Clare was up before dawn the next morning. Too tired to swim she instead went to work before emerging from the study adjoining her bedroom. That was perhaps the greatest advantage of this new house – being able to move from bed to desk before the spell of night had completely lapsed, and without having to encounter anyone but her own reflection, which was disturbance
enough on some mornings. Marie knew not to knock before eleven if the door remained closed. Mark was not so well trained.
‘Are you up, Mother?’ he called from the other side of her study door.
‘A closed door means one wishes not to be bothered,’ Clare shouted, opening the door and taking in the vision of Mark, already showered, his remaining hair combed back and gelled into place, his gut filling out his shirt.
‘My first meeting’s been cancelled.’
‘And you expect me to entertain you.’
‘I thought it would give us an opportunity to talk. Were you working?’
‘Unlike you I am always working, even when it appears I am bent to nothing in particular. But now that you’ve interrupted me I might as well stop the actual mechanical work. The interruption comes at a very high price, you understand.
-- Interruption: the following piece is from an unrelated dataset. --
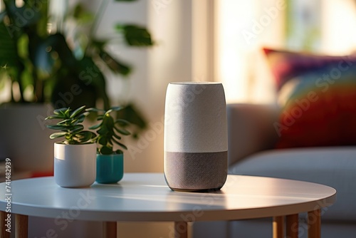 A modern smart speaker on a table next to a potted plant. Suitable for technology and home decor concepts

I won’t get back what I’ve lost.’ She pressed her lips into what she hoped was an ironic smile. ‘Perhaps you could make us some coffee, and find where Marie keeps the rusks, and we can reconvene in the garden in half an hour. Adam was going to mow today but I will ask him to wait until tomorrow.’
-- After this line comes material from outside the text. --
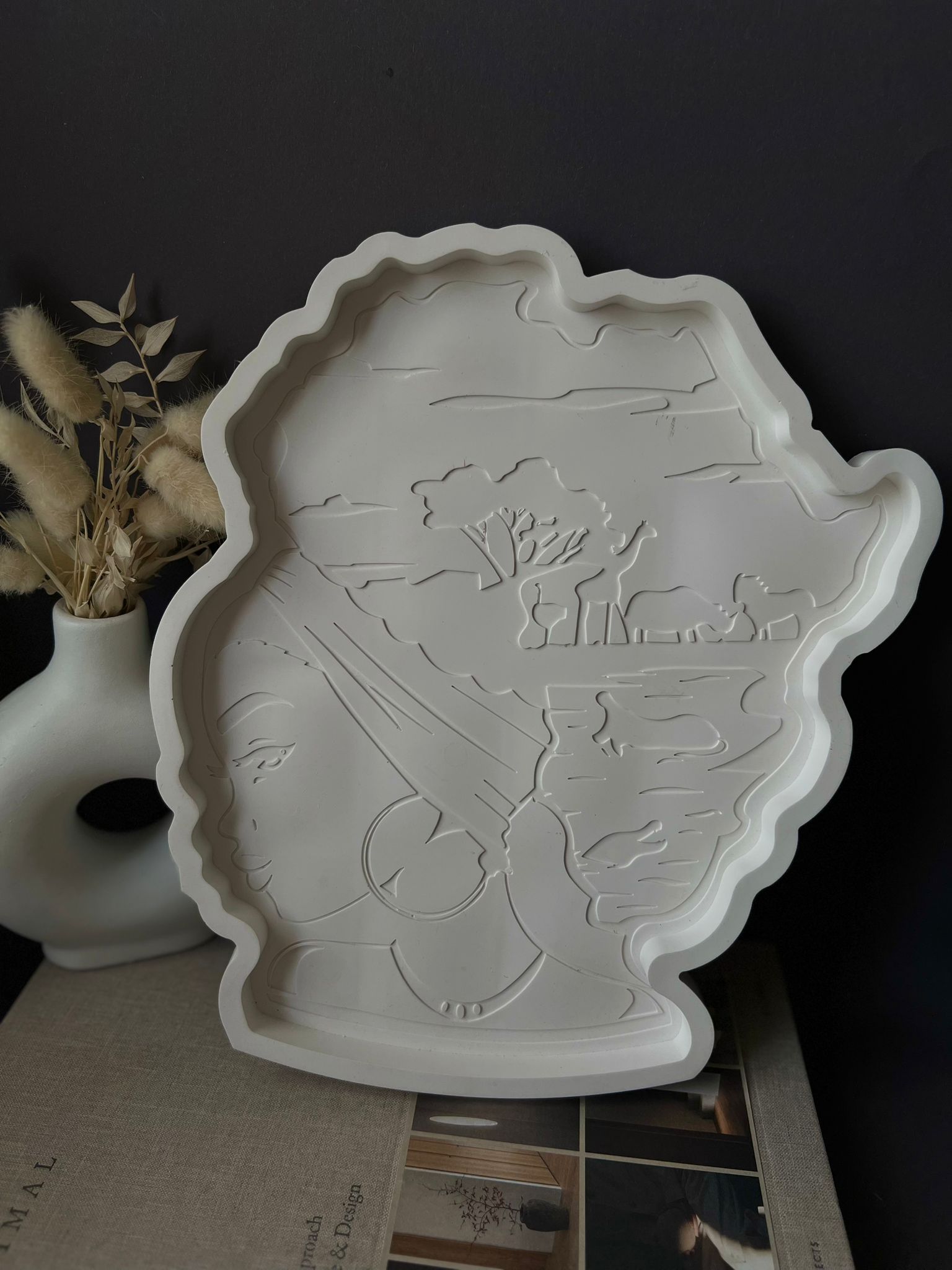 Celebrate culture and craftsmanship with the Afra Tray – a striking handmade piece shaped in the silhouette of a woman’s profile, detailed with minimalist reliefs of nature and tradition. With its sculptural form and subtle matte texture, this tray is a functional work of art made to elevate your styling or storage space.

She was not accustomed to so much intrusion, especially now that she had, at long last, begun to feel at home in this new house. Quite apart from the adjoining study and bedroom, it afforded her a much larger measure of privacy and separation from the wider world. Mendicants could no longer come directly to her door. Only the truly brazen or desperate rang the intercom at the gate to the drive. Marie, feeling even this was inadequate, had proposed a secondary gate such as she had seen at some homes in Johannesburg, thereby creating a kind of security decontamination zone. The idea was that if one needed a delivery of groceries, for instance, the deliveryman would be allowed through the first gate, could deposit the groceries in the secure zone, Marie could sign for the delivery while remaining separated from the deliveryman by the secondary
gate, and only after he had left and the first gate closed would she open it to retrieve the delivery. Clare had dismissed the proposal as ludicrously paranoid. Cape Town was not yet Johannesburg, where entire neighbourhoods had become privatized security zones and armed guards patrolled grocery-store parking lots from bulletproof watchtowers. Besides, the truly determined would still find ways around any number of secondary or tertiary defences; they would cut through wires and tunnel under walls. Nowhere was truly secure.
Mark produced the coffee tray and Clare could not help taking note of the mugs – mugs rather than cups and saucers – and the plastic container of milk. Marie would have laid a placemat or cloth on the tray, used the china, poured the milk into a pitcher, and put the rusks with slices of cake on a plate. Such things made life in this country more bearable at the same time that they pointed up the irony of living as one did in the place where one happened to have been born.
‘It seems terribly unjust, this life,’ Clare said, accepting a mug. ‘That we should be able to live like this. It would not surprise me if, one day very soon, it should all be taken away from us. Nor would I think it an entirely unjustified deprivation.’